11The respondent relied on its written submissions dated 12th February 2025. The respondent also proposed a single issue for determination, namely, whether the learned magistrate erred in law and in fact by failing to award loss of user of Motor Vehicle Registration No. KCY 427 of Kshs. 5,500.00 per day for 6 months. The respondent defended the decision of the lower court and submitted that where a motor vehicle is written off, loss of earnings is not payable upon the pre-accident value being provided for. It relied on Permuga Auto Spares & another v Margaret Korir Tagi [2015] eKLR and Raymond Muindi Simo v Takaful Insurance Africa [2019] eKLR.

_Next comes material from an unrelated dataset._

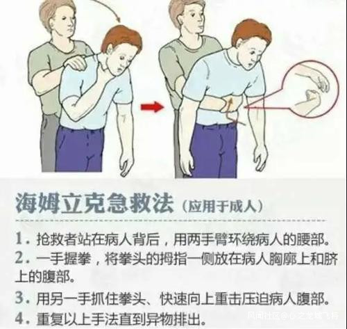 如果不小心嗆入飯粒或其他物體,可以採取海姆立克急救法,將氣管裏的物體吐出來。
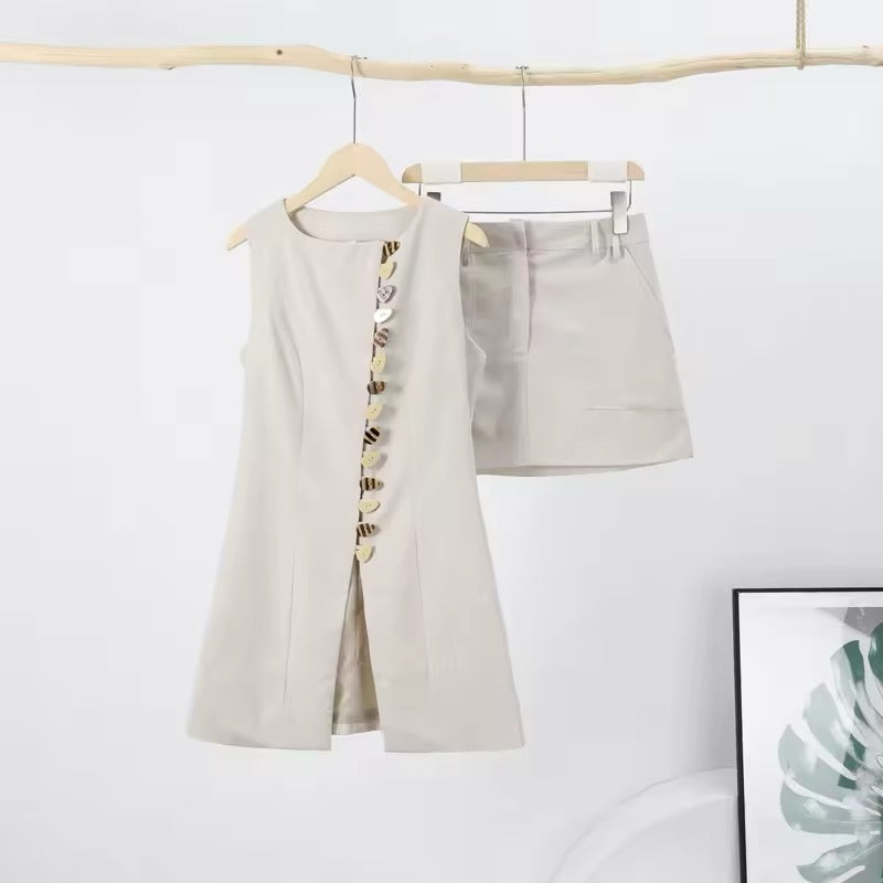Elevate your style with our Earth Tone 2 Piece Vest Set! Made with exquisite detailing and featuring earthy tones, this set includes a skirt and vest for a classy and chic look. Perfectly balanced, this set is sure to inspire strong emotions while keeping you stylish.

12Further to the foregoing, the respondent submitted that, should the Court be convinced that loss of user was payable, given the nature of the claim, the appellant ought to have proved the same to the requisite standard. On the authority of Linus Fredrick Msaky v Lazaro Thuram Richoro & another [2016] eKLR, the respondent posited that the burden of proof was not discharged by the appellant; and therefore his allegation that he used to earn Kshs. 5,500.00 per day from the subject motor vehicle was not demonstrated. In the premises, the respondent prayed for the dismissal of the appeal.
13This is a first appeal. It is therefore the duty of this Court to review the evidence adduced before the lower court with a view of satisfying itself that the decision was well-founded. In Selle & Another vs. Associated Motor Boat Co. Ltd & Others [1968] EA 123, this principle was enunciated thus:
14Accordingly, I have perused and considered the record of the lower court and noted that the appellant testified before the lower court on 17th August 2022. He adopted his witness statement dated 15th December 2021. He stated that he owned Motor Vehicle Registration No. KCY 427P which he was using as a Matatu to earn income; and that, on the 14th October 2020, he received a call that the motor vehicle had been involved in a road traffic accident at Kadongo. Upon obtaining the Police Abstract, he instructed his Advocate to file a suit against the respondent for compensation.
15As the motor vehicle was declared a write-off, the appellant sued for the pre-accident value, taking into account the salvage value of Kshs. 400,000.00. He also testified that he used to earn a minimum of Kshs. 5,000.00 per day and therefore urged to be awarded General Damages, including compensation for loss of user at Kshs. 5,500.00 for 6 months.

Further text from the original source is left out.